The container deep in the warehouse suddenly buzzed, and countless popsicles poured out from the conveyor belt. The packaging was all printed with the cold light logo of the "Eros Eye". The remains of Brother Chen's mechanical arm suddenly started, and the words "Protect Nuannuan" engraved in the gear cast a shadow on the ice, which was exactly the same as the pattern of the container's password lock.
"It's your turn, Xiao Ming." Professor Kai handed me the broken piece of the metal stick. The reflection from the broken end just matched the keyhole of the container. "I hid a little secret in the broken piece back then - the heart rate every time you burn the sausage is actually the best firewall password."
The moment the container door opened, the minus 20 degrees cold air mixed with the smell of sausage exploded. It was filled with servers flashing blue light. Each hard drive was engraved with a popsicle pattern, but after the golden light of the warm palm swept over, the burnt marks of the sausage slowly emerged. I pointed the heater at the core server, and the "sizzling" sound of the sausage resonated with the buzzing of the server, like playing a duet of ice and fire.
"The data cold core is melting!" Kai Lan pointed at the monitoring screen, and each blue light data block was turning warm yellow. "Just like Dad said, no matter how cold the code is, it can't resist the warmth of human heart." She suddenly remembered something and took out a yellowed experimental log from her pocket. There was a piece of sausage crumbs between the pages. It was from that snowy night seven years ago.

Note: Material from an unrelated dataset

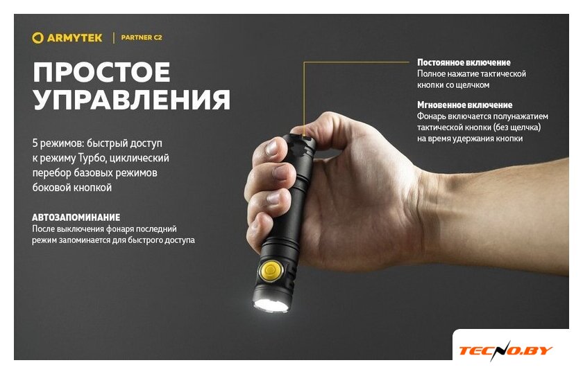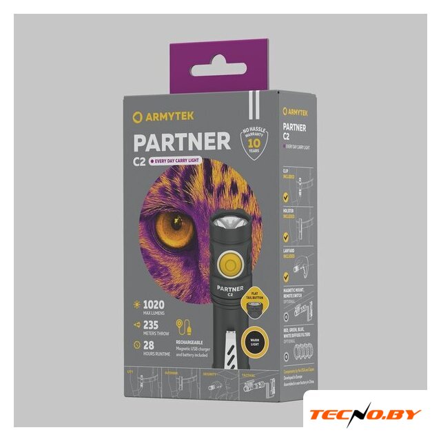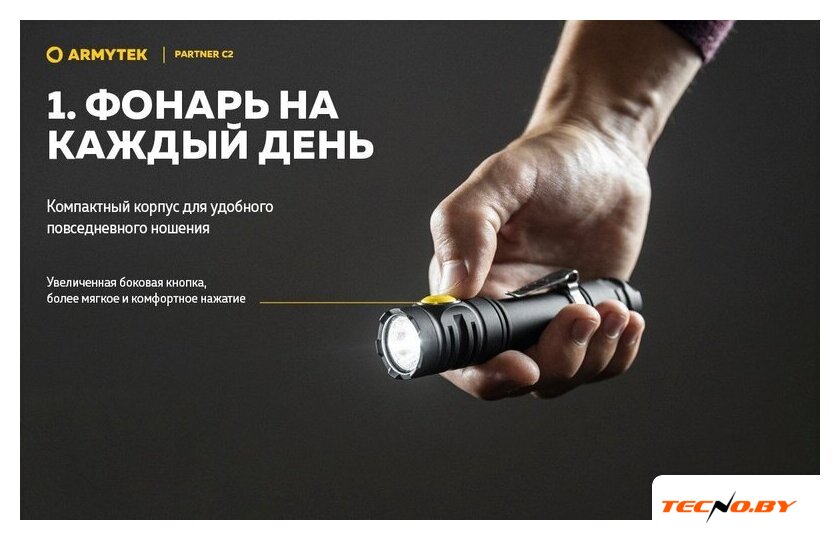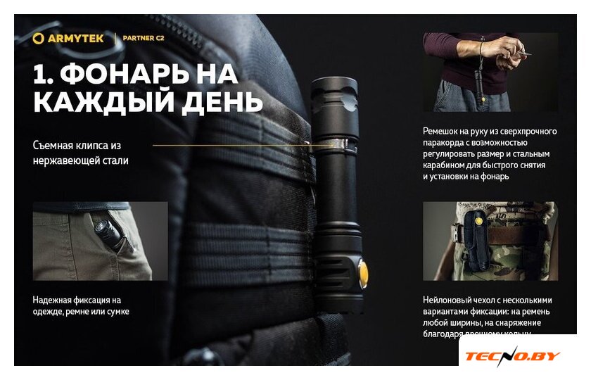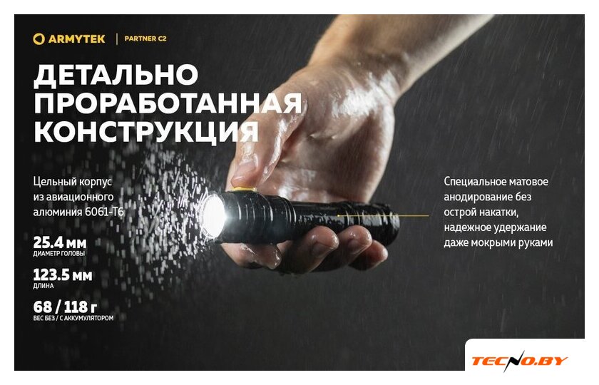 | Комплект поставки | - Фонарь;- Аккумулятор;- Магнитная USB-зарядка;- Стальная клипса;- Нейлоновый чехол;- Ремешок на руку;- 2 запасных уплотнительных кольца;- Инструкция. |

When the last hard drive made a "click" sound, the icicles in the entire warehouse began to melt, and the water droplets gathered into the shape of sausages on the ground. Professor Kai picked up a melted popsicle, and Kai Lan's childhood graffiti appeared on it - this was the last Easter egg of the first generation system, the warm memory hidden in each cold data block.
On the electric car on the way back, Nuan Nuan was dozing on the incubator, with half a sausage in her little hand. Kailan put the newly soldered silver bracelet back on her wrist and turned to ask me, "How do you think the new system will record our stories?" I looked at the new words on the back of my ID card: "Signed for: Human Fireworks Operating System V1.0, deliverymen: Li Xiaoming, Kailan, Nuannuan -- and all the people with warm heartbeats." The lights of the convenience store lit up in the twilight. Brother Zhang was changing the badge of the "Anti-System Alliance" into a sausage shape. Wang Mengmeng's child was crawling behind the cash register. The faint light on his wrist reflected the sticky notes on the wall, each of which told a story warmer than the code. And I know that the real system patches are never in the server, but in every smile when receiving hot food, in the 0.3 seconds spent for each other, and in all the real days with human warmth.